Conversely, Germany made a significant strategic error when they opened up the eastern front against Soviets before Britain was removed. Hitler's flank was secure and his rear was sufficiently covered via the Molotov-Ribbentrop Pact. Operation Sealion had yet to be launched in full so that the newly-formed Churchill government would be removed from the equation. And yet Operation Barbarossa was still sent directly into Russia's teeth with over three million soldiers marching for Moscow to respond to the possible threat caused by the Soviet invasion of the Baltic states. We all know how well that worked out for the Third Reich.

And so we apply this to the situation in 2002. Afghanistan was not yet secured, with roving bands of Taliban soldiers still in play. The border with Pakistan had yet to be secured, if such a goal was ever possible. And the primary public casus belli for the invasion of Afghanistan, the price on Osama bin Laden's head, had yet to be credited to our morale account. While many of the conditions for absolute victory were within the grasp of the American military in Afghanistan, we had yet to fully obtain them before reassigning a significant percentage of our troop strength to the launch of Operation Iraqi Freedom on 20 March 2003, thereby creating the effect of an unnecessary war on two fronts.

Admittedly, this effect is difficult to see when one solely views the American news media reports, as events in Afghanistan are rarely reported here in the U.S. for various reasons, yet the effect is not unfelt. In neither theater of operations can we concentrate our forces in sufficient number to completely eliminate a ground-level insurgency campaign. In Afghanistan, this is exasperated by the fact that the physical terrain is well-suited to guerrilla operations, much as the Soviet Union found to their dismay in the 1980's. In Iraq, this is exasperated by the fact that the social terrain is well-suited to the camouflage of insurgent operations, with the religious devisions providing both ample cover for existing efforts and ample recruiting grounds for further operations.

Given the public desire of the President to secure overwhelming victory, it is surprising that an initial overwhelming troop presence was resisted so strongly. My personal speculation is that the military and political leadership were looking for, in the reputed words of Vyacheslav von Plehve, "a short, victorious war." Iraq was reportedly within the gunsights of the Administration on the first day after the inauguration. Rumors of Secretary Rumsfeld and others within the Administration requesting data to tie together Iraqi involvement in the 9/11 attacks are too numerous to link.

In essence, Operation Iraqi Freedom was a political exercise, not a military exercise. In few areas is this more understood than via the administration of the Coalition Provisional Authority, whether in regards to the contract awarding process (PDF warning and strong liberal stance warning) or the appointment of loyal party members to positions within the CPA who then return to the White House for federal appointments. (One example of many.)

(SERIOUS PARENTHETICAL ASIDE: Hmm. The phrase "loyal party members" reminds me of something. But what could it be? Is there a connection between the operational and strategic organization of the Soviet-style Communist Party and the modern-day Republican Party?

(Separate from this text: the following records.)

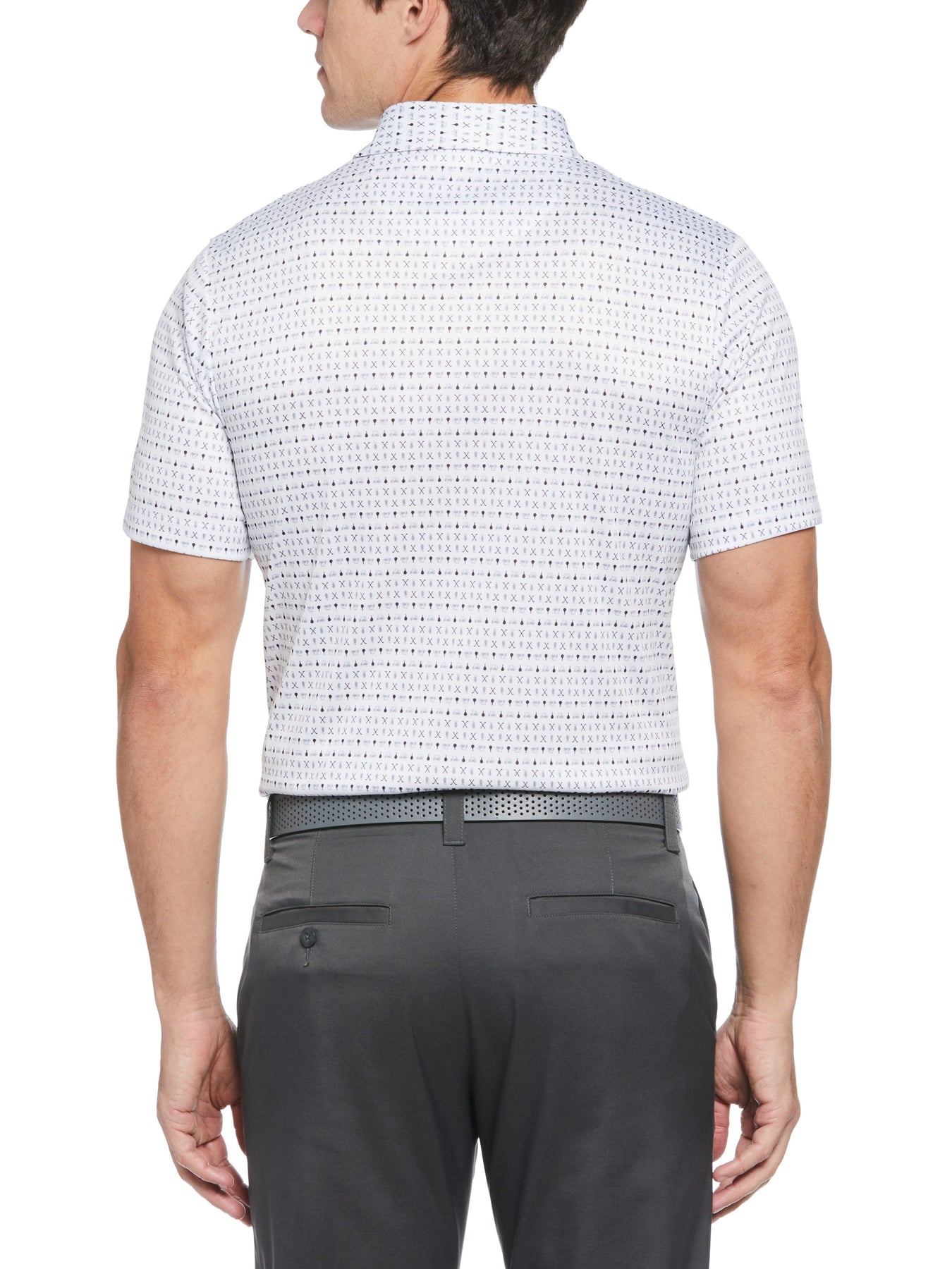 This PGA TOUR APPAREL men’s polo shirt features a fun golf print that shows off your love of the game. The golf shirt is crafted from a soft interlock knit fabric that offers natural stretch for a comfortable fit. It has moisture-wicking technology to help manage sweat, and sun protection provides some valuable defense against damaging UV rays. Stretch shoulder seams add freedom of movement so you can swing with both power and precision. The short sleeve golf shirt’s versatile casual design transitions effortlessly from your round to a relaxing lunch with friends.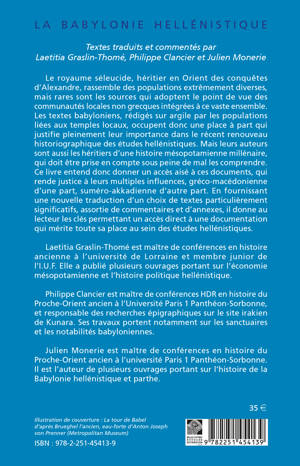 Le royaume séleucide, héritier en Orient des conquêtes d’Alexandre, rassemble des populations extrêmement diverses, mais rares sont les sources qui adoptent le point de vue des communautés locales non grecques intégrées à ce vaste ensemble. Les textes babyloniens, rédigés sur argile par les populations liées aux temples locaux, occupent donc une place à part qui justifie pleinement leur importance dans le récent renouveau historiographique des études hellénistiques. Mais leurs auteurs sont aussi les héritiers d’une histoire mésopotamienne millénaire, qui doit être prise en compte sous peine de mal les comprendre. Ce livre entend donc donner un accès aisé à ces documents, qui rende justice à leurs multiples influences, gréco-macédonienne d’une part, suméro-akkadienne d’autre part. En fournissant une nouvelle traduction d’un choix de textes particulièrement significatifs, assortie de commentaires et d’annexes, il donne au lecteur les clés permettant un accès direct à une documentation qui mérite toute sa place au sein des études hellénistiques.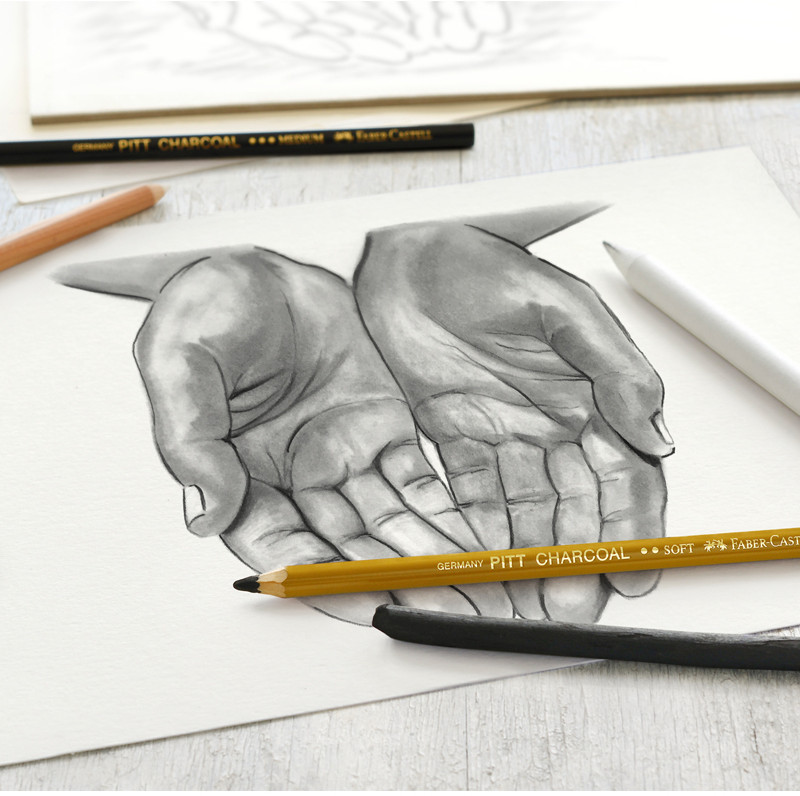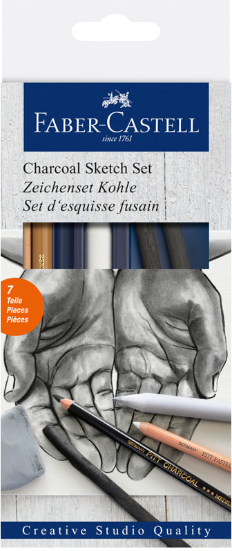 Набор угля и угольных карандашей. В состав набора входят 2 натуральных угля диаметром 6-11мм, угольный карандаш, прессованный угольный карандаш, растушевка и ластик.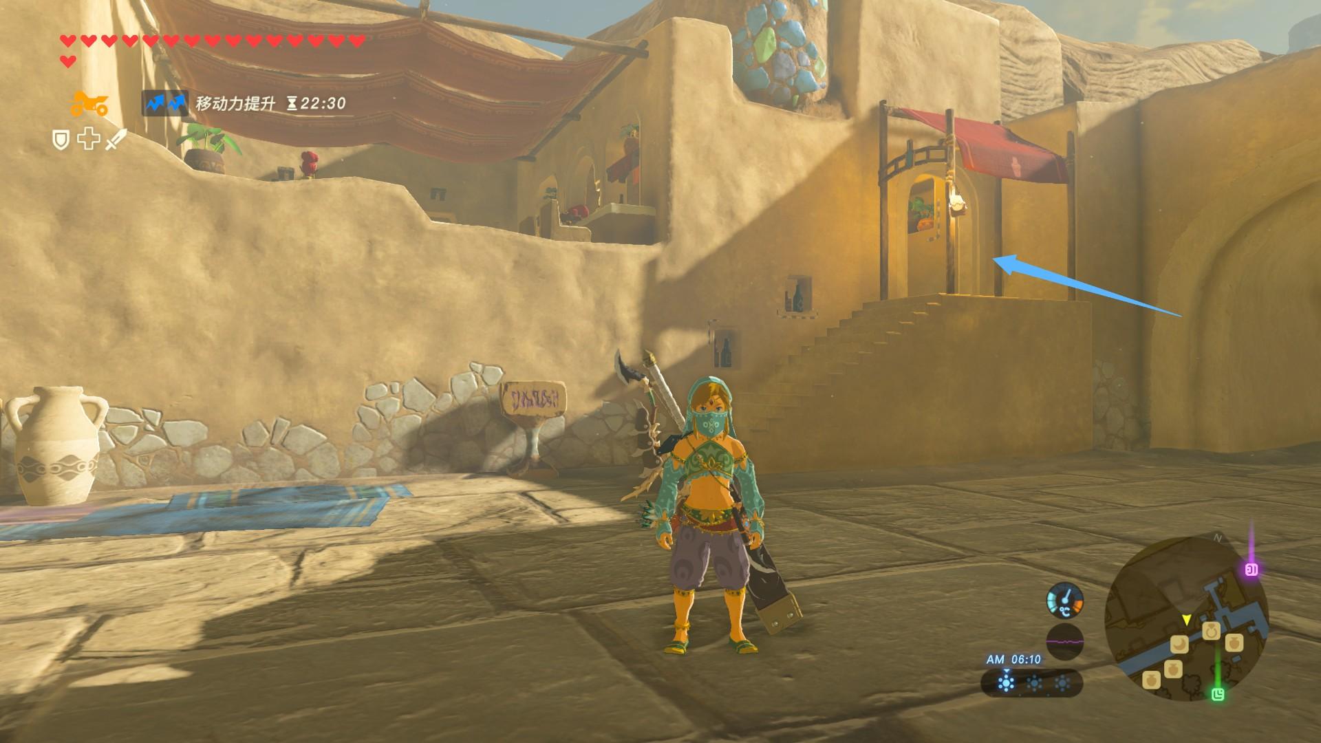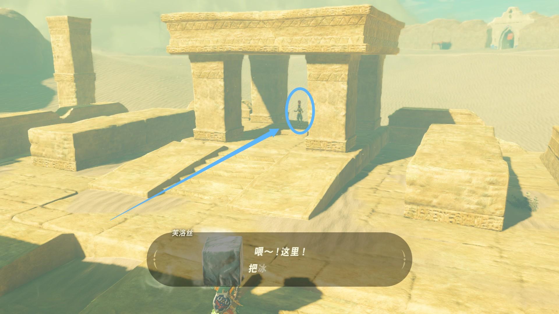 到图示位置的一个岩石上就可以找到神庙,不过开关被一个格鲁德人挡住了,需要给她找到冷饮才可以离开。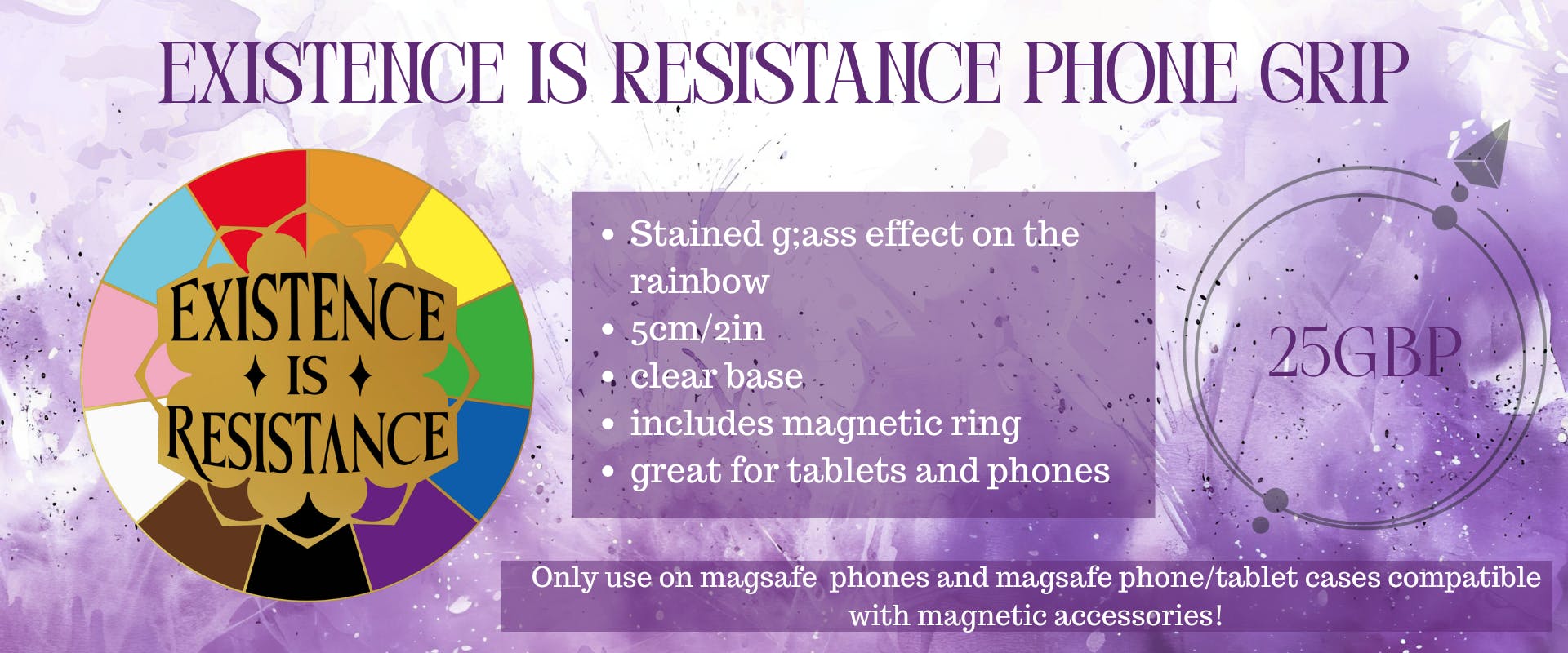 Existence is resistence is a message for everyone of us who has ever been told they dont belong. This phone grip will feature a stained glass effect- that is, all the colours will be translucent. This is a beautiful effect that i have trialed in my last few phone grips and looks amazing.

Obviously there are differences in political philosophy and I would not care to suggest that there is no philosophical difference. Yet the application of management theories are, at first blush, remarkably similar. See also: 11th Commandment.)

And then comes the home front. In theory, all politicians today are working in order to "support the troops, regardless of partisan affiliation. Yet, for the first four years after the Iraqi invasion, the "war" was treated with a business-as-usual attitude in Washington, D.C. While the reporting of Josh Marshall has defined a vast majority of them, I have one significant point that seems to have gone unnoticed by the vast majority of the punditocracy.

At no time in the history of warfare has a government been able to both cut taxes and win battles. None. At all. Period. Wars cost lots of money, both to train the soldiers on the ground and to supply them with weapons. Why is this? Because wars are expensive. Kennedy and Johnson tried cutting taxes during Vietnam, but even Richard Nixon realized that we needed to increase our revenue if we were to be successful. During World War 2, the United States saw the largest tax expansion in history. During the War Between The States, we instituted the inheritance tax. The taxes that sparked the Revolutionary War were to pay for the defense of the colonies and to restore the British military after the French-Indian War. All of the Crusades saw further taxes levied against the yeomanry and peasantry. Rome raised taxes to conquer Gaul. The Achaeans probably raised taxes to defeat the Trojans. And in the Stone Age, Ogg would have raised taxes to defeat Ugg and take his fire if such a concept existed back then.

You cannot win battles without spending the money. You cannot spend the money unless you have the money. The President has been more than willing to request money to spend. He has been reluctant to find ways to get the money in the bank in the first place. And the reason for this is simple: it is against the political philosophy of the Republican Party to raise taxes. Yet wars, whether declared or not, are supposed to be such significant events that a temporary breach in philosophy is necessary. Therefore, the continued resistance of the White House to the raising of taxes will continue to baffle me, particularly after launching into the stock "do whatever it takes" line to create and maintain a secure Iraq.

We might be the giants of the world, but not even we can win when we cut our own hamstrings. Yet that is precisely what we have done. We are not treating this as a war. We are not at war with Iraq. We have never been at war with Iraq. We won't treat ourselves like we are at war with Iraq.

And that is why we will continue to lose in Iraq.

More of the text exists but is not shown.